Мочалов остановился у своей двери. Несколько секунд раздумывал.
Наконец пожал плечами и засмеялся:
— Ты знаешь, что мне пришло в голову? Что дома и я бы выпил. Вот сейчас понял… Ну, ладно! Черт с ними! Пусть проспятся, я их еще раз отчитаю, и на этом кончим. Будь здоров.

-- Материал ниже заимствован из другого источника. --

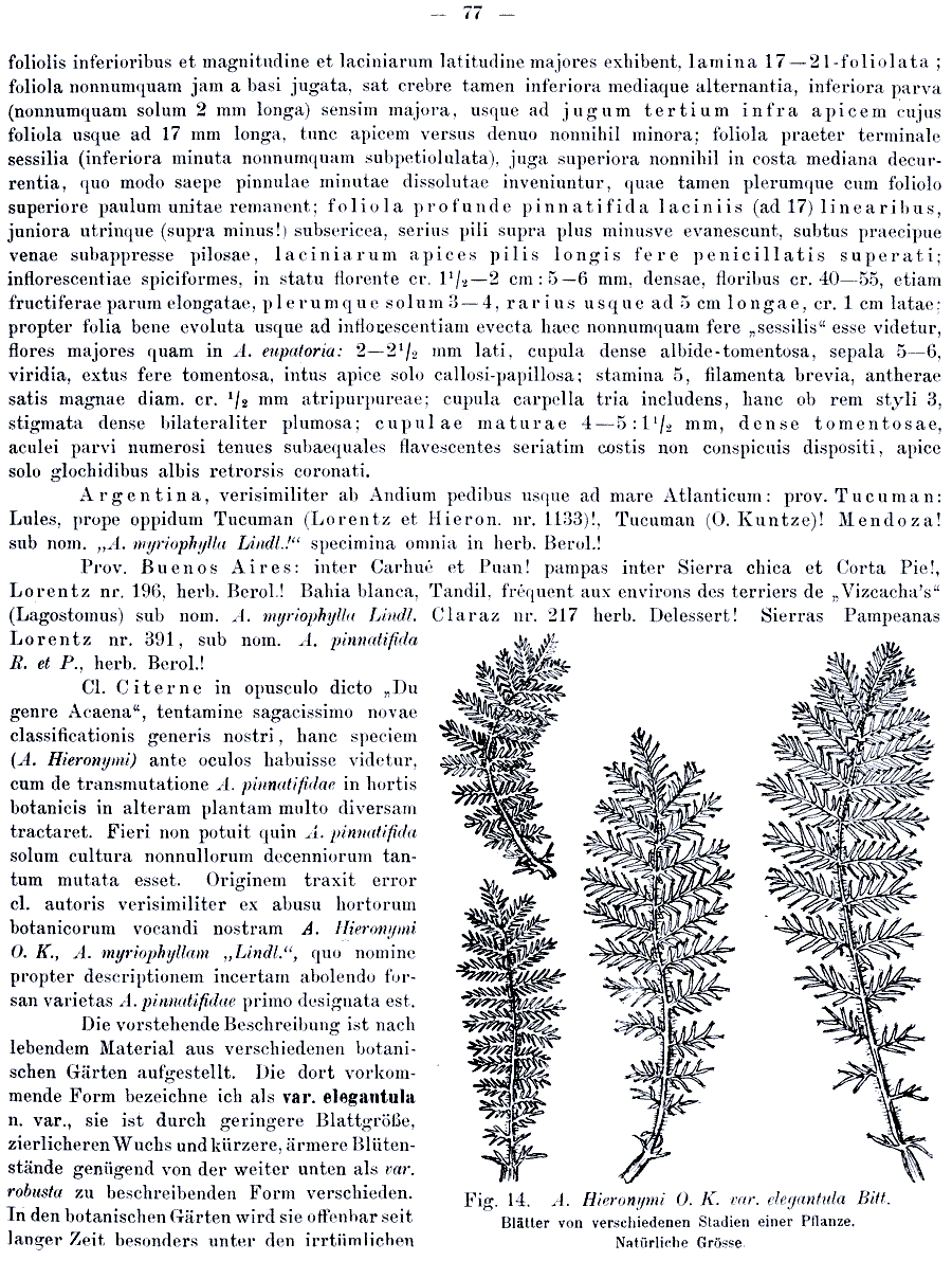 | Андрей Ковальчук | Протолог Acaena hieronymi var. elegantula Bitter (Bibliotheca Botanica 17, Heft 74: 77. 1910) и Acaena hieronymi var. robusta Bitter (Bibliotheca Botanica 17, Heft 74: 78. 1910):
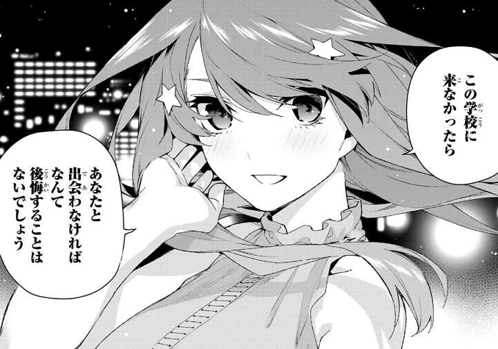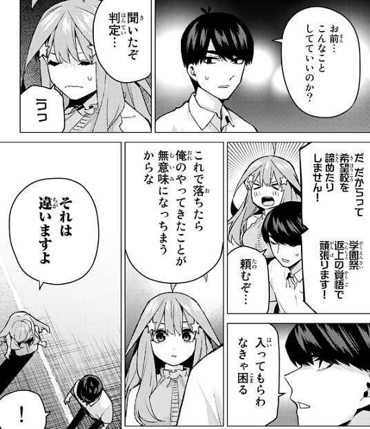 風太郎はこれで落ちたらやってきたことが無意味になると言いますが、それは違うと五月は否定します。女優の道を目指した一花や、調理師を目指した三玖は最終的に大学の道に進みませんでしたが、二人との時間は無意味だったかと聞かれ、そうは思いたくないと風太郎は答えます。私たちの関係は既に家庭教師と生徒という枠だけでは語れないと言い、たとえこの先失敗したとしても、あなたと出会わなければと後悔することはないでしょうと言います。

Он дописал страницу и, откинувшись на спинку стула, перечел написанное:
«Мне не стыдно сознаться, что я сейчас до краев переполнен гордостью. Гордостью за мою родину, за ее имя, ее славу, за то, что я сын этой родины. Я думаю, что это совсем новое чувство, и оно не имеет ничего общего с прежним патриотизмом. Мы любим нашу родину иначе. Мы видим ее недостатки, мы болеем ими и живем одной мыслью отдать нашу жизнь, все наше умение и знание, чтобы как можно скорей эти недостатки уничтожить, чтобы действительно по праву гордиться родиной перед всеми. Чтобы заставить любить нашу родину даже чужих. И это уже приходит. Пример этому — мой бортмеханик Митчелл. Он на моих глазах переломился, ибо его мышление среднего европейского мещанина, мелкого буржуа, раздавленного беспощадным прессом капитализма, обезличенного, обессиленного и смятенного, придя в столкновение с нашими людьми и нашими чувствами, проснулось и ожило от прилива свежей крови».
Мочалов подвинтил штифт карандаша и вывел заглавную букву новой фразы, но за спиной раздался осторожный стук в дверь.
— Кто там? — недовольно спросил Мочалов, не оборачиваясь.
— Это я, пайлот. Разрешите войти?
— Плиз! — Мочалов встал, закрывая дневник.
Вошел Митчелл, умытый, гладко причесанный. Белокурые пряди его волос блестели от воды.
— Садитесь, Митчелл. — Мочалов указал на диван.
Митчелл сел со смущенным и подавленным видом.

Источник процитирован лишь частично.